As a student Norman Borlaug knew adversity. He had decided to go to Iowa State Teachers College at Cedar Falls Iowa; however, after some urging he rode to Minnesota with a former Cresco athlete George Champlin, a football player for the University of Minnesota. Norman, however, had worked on farms for a year after high school and that time away from studies dulled his academic sharpness. Upon arrival he flunked the 1933 University of Minnesota entrance exam. Greatly embarrassed and dejected Norman prepared to hitchhike home, in disgrace. Instead, through intervention by Champlin, he was granted admission by Dr. Fred Hovde to the University’s newly formed Junior College (General College). It was a unit designed for underprepared students. After two excellent quarters he proved himself and he could transfer to any college in the University; he chose the College of Agriculture and majored in Forestry.
The economic collapse of the 1930’s was a worldwide catastrophe. Norman, whose family had little or no money, survived mainly by doing campus odd jobs and then by work-study jobs funded through the National Youth Administration. He was usually broke and often hungry. In the summers he used his forestry knowledge and farm skills to work for the U.S. Forest Service, hitchhiking to better paying jobs in far off places like Idaho and Massachusetts.

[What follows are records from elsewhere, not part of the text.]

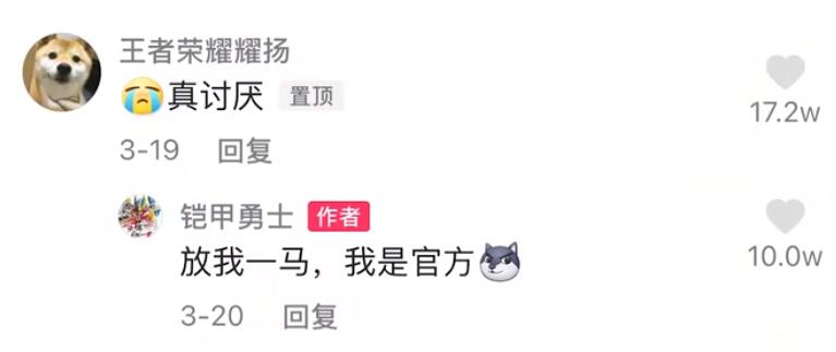 耀扬本人也在评论区出现了,然后铠甲勇士官方回复了一句放我一马,我是官方。
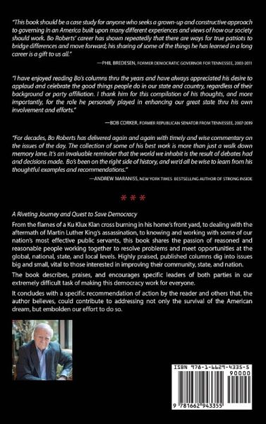 A Riveting Journey and Quest to Save Democracy From the flames of a Ku Klux Klan cross burning in his home's front yard, to dealing with the aftermath of Martin Luther King's assassination, to knowing and working with some of our nation's most effective public servants, this book shares the passion of reasoned and reasonable people working together to resolve problems and meet opportunities at the global, national, state, and local levels. Highly praised, published columns dig into issues big and small, vital to those interested in improving their community, state, and nation. The book describes, praises, and encourages specific leaders of both parties in our extremely difficult task of making this democracy work for everyone. It concludes with a specific recommendation of action by the reader and others that, the author believes, could contribute to addressing not only the survival of the American dream, but embolden our effort to do so.
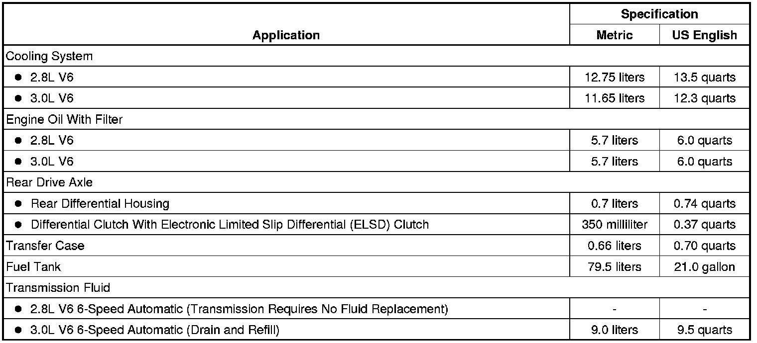 The following approximate capacities are given in US English and metric conversions. See Fluid and Lubricant Recommendations Specifications for more information. All capacities are approximate. When adding, be sure to fill to the approximate level, as recommended in this manual. Recheck fluid level after filling.
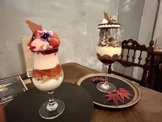 この秋のテラリウム・レコルト・パフェがまた変身。ハロウィンに化けたと思ったら、次はモンブランの泣ける美味しさに。

Then, a great thing happened, Norman met a beautiful young woman Margaret Gibson. They were both working for no salary, only their breakfasts, at the University Coffee Shop. Norman was shy and amazed that such a young woman would even talk to him. But somehow the introverted energetic farm boy/athlete and the bright vivacious, self-assured Education major bonded. Upon his graduation, and with the promise of a job with the United States Forestry Service in Idaho, they married.
Margaret was much more than Norman’s love; she encouraged, counseled and enabled him. Simply put, Margaret was the foundation and the rudder for his incredible life’s journey.